WHAT THIS TASK INVOLVES:
Do not copy the pictures. Write out the lines from the start of the entries through the line containing "车载抱枕被子两用加厚保暖双面水晶绒汽车靠垫办公室午休沙发午枕".

Saved data entries:
# # # # #

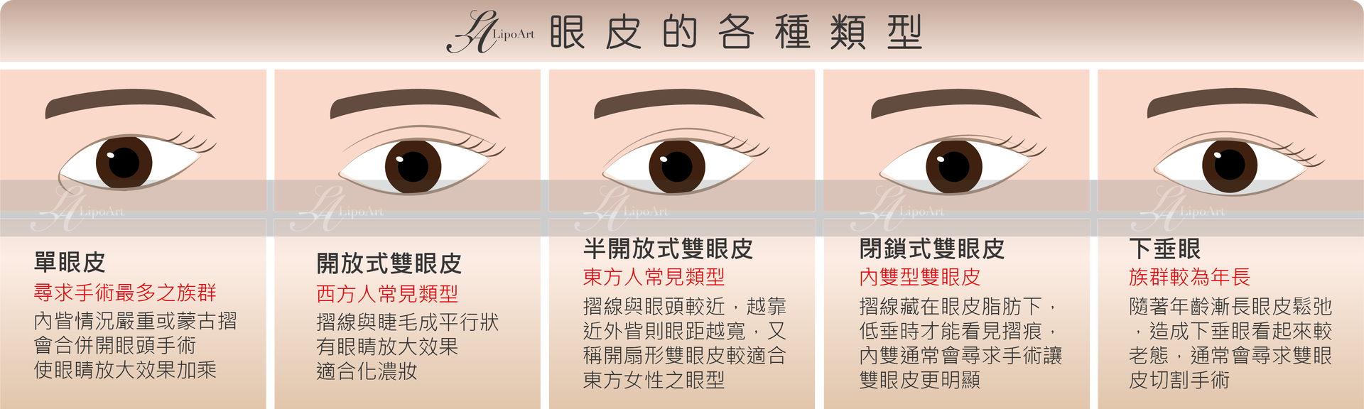 - 客製化量身:依照個人五官比例、眼睛比例、瞳孔位置、先天限制及個人喜好等全方位考慮,打造理想眼形與高度。
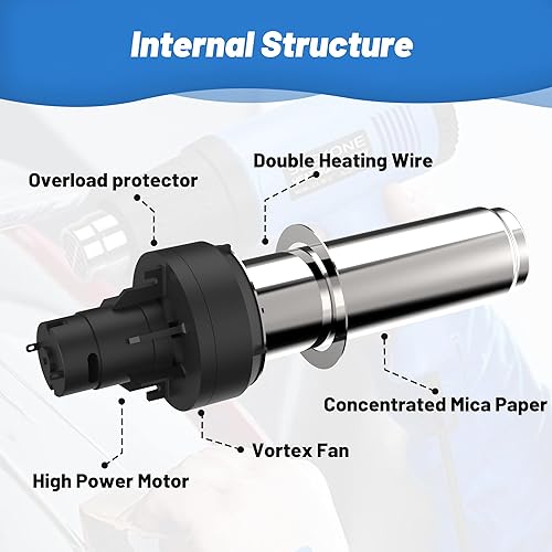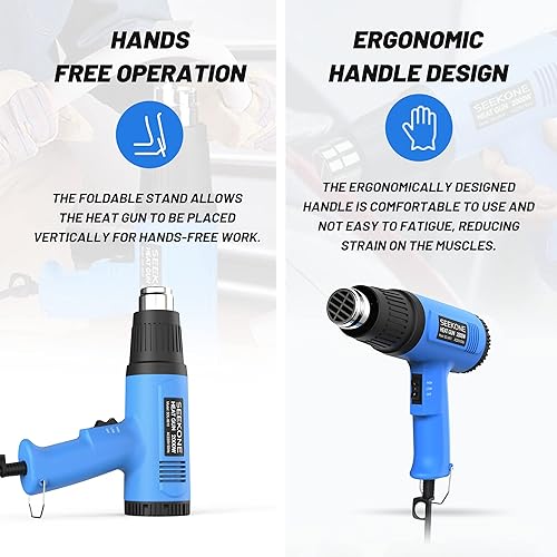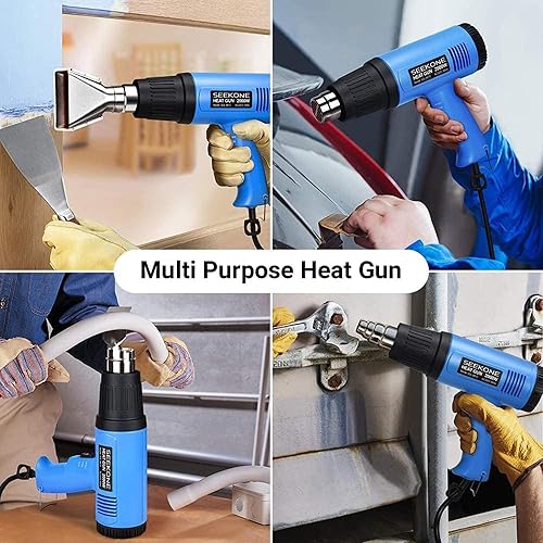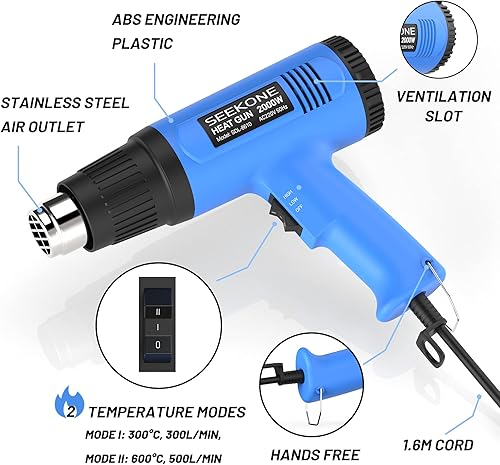 Pistola ad Aria Calda, SEEKONE Pistola Termica 2000W, 2 Temperatura (300°C/600°C) e 4 Ugelli, Nucleo Riscaldante in Ceramica, Protezione da Sovraccarico, per Rimuovere Vernice, Riscaldamento in PVC
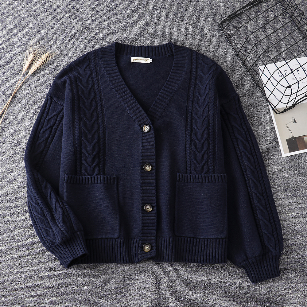 새로운 JK 유니폼 스웨터 여러 가지 빛깔의 느슨한 트위스트 면 니트 두꺼운 스웨터 대학 스타일 일본 가디건스토어 가기
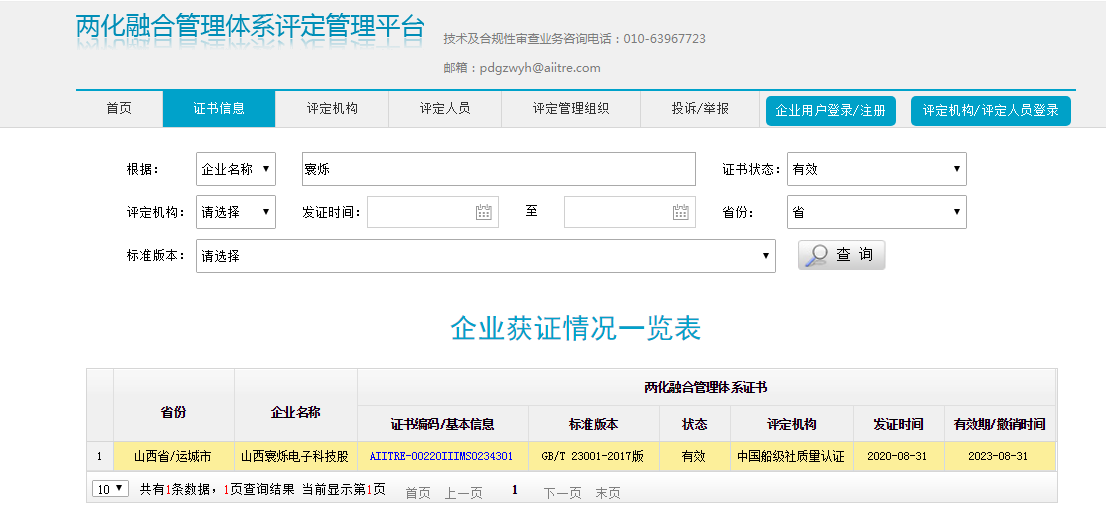 2020年8月31日,山西寰爍電子科技股份有限公司順利通過(guò)國(guó)家工業(yè)和信息化部《信息化和工業(yè)化融合管理體系要求》(GB/T 23001-2017)體系認(rèn)證,獲得由工信部審核、中國(guó)船級(jí)社質(zhì)量認(rèn)證公司簽發(fā)的兩化融合管理體系評(píng)定證書。
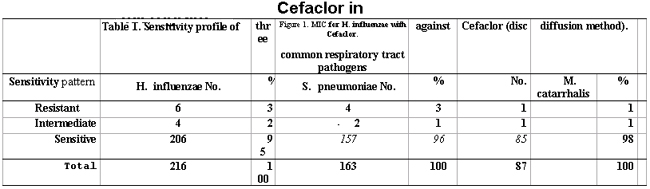 Conclusion:Resistance of respiratory tract pathogens to the 2nd generation Cephalosponn, Cefaclor is very low. MIC 90 of Cefaclor against all three common respiratory tract pathogens is < 2 ug , which indicates that Cefaclor would be effective in more than 90% of cases infected with these bacteria (JPMA 52:7,2002).
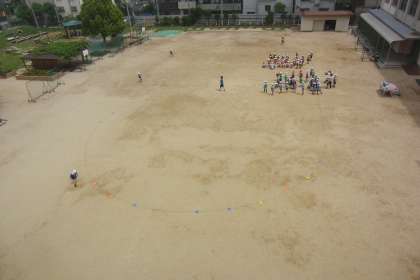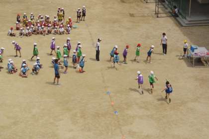 3年生の体育の様子をご紹介します。3年生が2時間目の体育で、リレーをしています。クラス対抗リレーなので、応援する子どもたちの声も、一段と大きくなりました。
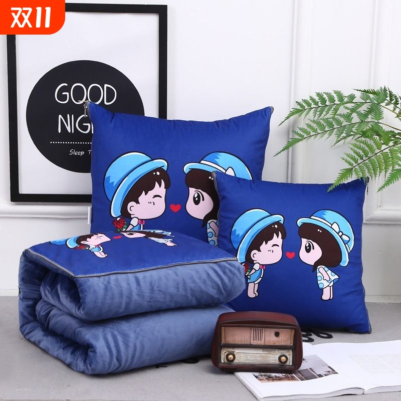 车载抱枕被子两用加厚保暖双面水晶绒汽车靠垫办公室午休沙发午枕
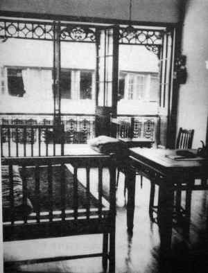 1920年5月5日,毛澤東以“驅(qū)張”代表團(tuán)成員的身份,從北京來(lái)到上海,住在靜安區(qū)原哈同花園附近的哈同路民厚里29號(hào)(今安義路63號(hào))。這是一幢磚木結(jié)構(gòu),坐南朝北,沿街而建的舊式二層樓里弄房子。樓下是會(huì)客室兼飯廳。樓上的臥室有一排臨街的長(zhǎng)窗。室內(nèi)放著兩張床,一只茶幾和一張桌子。桌上擺著粗瓷茶壺,茶杯及筆硯文具。毛澤東就住在這里。同住的還有李思安、李鳳池、陳書農(nóng)等三個(gè)湖南學(xué)生。他們每人每月僅有3元零用錢。過(guò)著十分簡(jiǎn)樸的生活。四個(gè)人輪流做飯,常吃蠶豆煮飯,生活比較清苦。毛澤東在這里每天都要閱讀各地的報(bào)刊和書籍。他還邀請(qǐng)十多位旅滬青年,成立了“自修學(xué)社”,共同學(xué)習(xí)各種理論著作和外語(yǔ)。1920年6月7日,毛澤東寫信給北京的黎錦熙老師,信中談及南下見(jiàn)聞和自己追求革命的決心,說(shuō)他準(zhǔn)備瀏覽在滬“新出的報(bào)、雜志、叢書及各種譯本,尋獲東方及世界學(xué)術(shù)思想之大綱要目”。
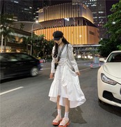 フロントシャーリングもフェミニンで、広がるフレアなシルエットが上品な仕上がり、歩くたびに動きのある表情を演出します。
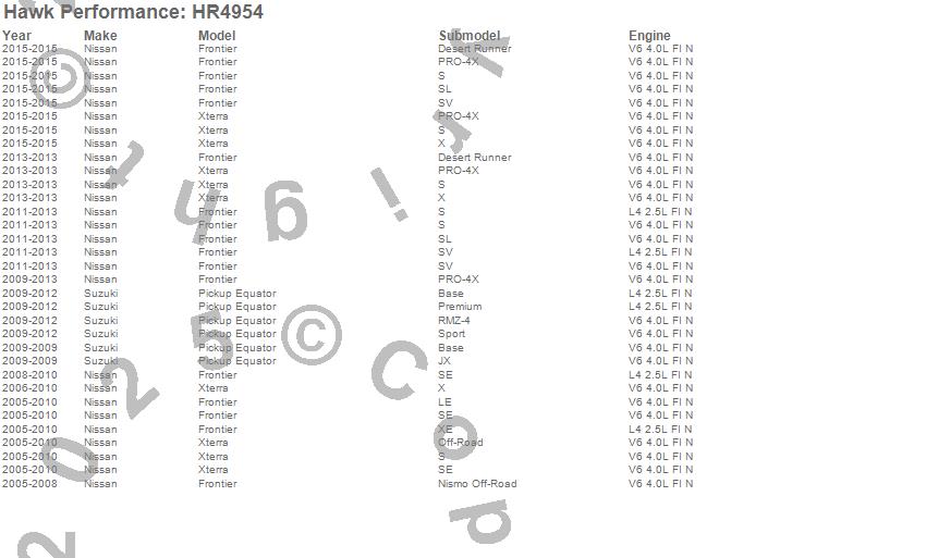 Below is an abreviated list of applications for the Sector 27 Rotor.Equator, Frontier, Xterra, Nissan, Suzuki, 2015, 2013, 2012, 2011, 2010, 2009, 2008, 2007, 2006, 2005 moreā¦

# # # # #

TASK RESPONSE:
 - 客製化量身:依照個人五官比例、眼睛比例、瞳孔位置、先天限制及個人喜好等全方位考慮,打造理想眼形與高度。
 Pistola ad Aria Calda, SEEKONE Pistola Termica 2000W, 2 Temperatura (300°C/600°C) e 4 Ugelli, Nucleo Riscaldante in Ceramica, Protezione da Sovraccarico, per Rimuovere Vernice, Riscaldamento in PVC
 새로운 JK 유니폼 스웨터 여러 가지 빛깔의 느슨한 트위스트 면 니트 두꺼운 스웨터 대학 스타일 일본 가디건스토어 가기
 2020年8月31日,山西寰爍電子科技股份有限公司順利通過(guò)國(guó)家工業(yè)和信息化部《信息化和工業(yè)化融合管理體系要求》(GB/T 23001-2017)體系認(rèn)證,獲得由工信部審核、中國(guó)船級(jí)社質(zhì)量認(rèn)證公司簽發(fā)的兩化融合管理體系評(píng)定證書。
 Conclusion:Resistance of respiratory tract pathogens to the 2nd generation Cephalosponn, Cefaclor is very low. MIC 90 of Cefaclor against all three common respiratory tract pathogens is < 2 ug , which indicates that Cefaclor would be effective in more than 90% of cases infected with these bacteria (JPMA 52:7,2002).
 3年生の体育の様子をご紹介します。3年生が2時間目の体育で、リレーをしています。クラス対抗リレーなので、応援する子どもたちの声も、一段と大きくなりました。
 车载抱枕被子两用加厚保暖双面水晶绒汽车靠垫办公室午休沙发午枕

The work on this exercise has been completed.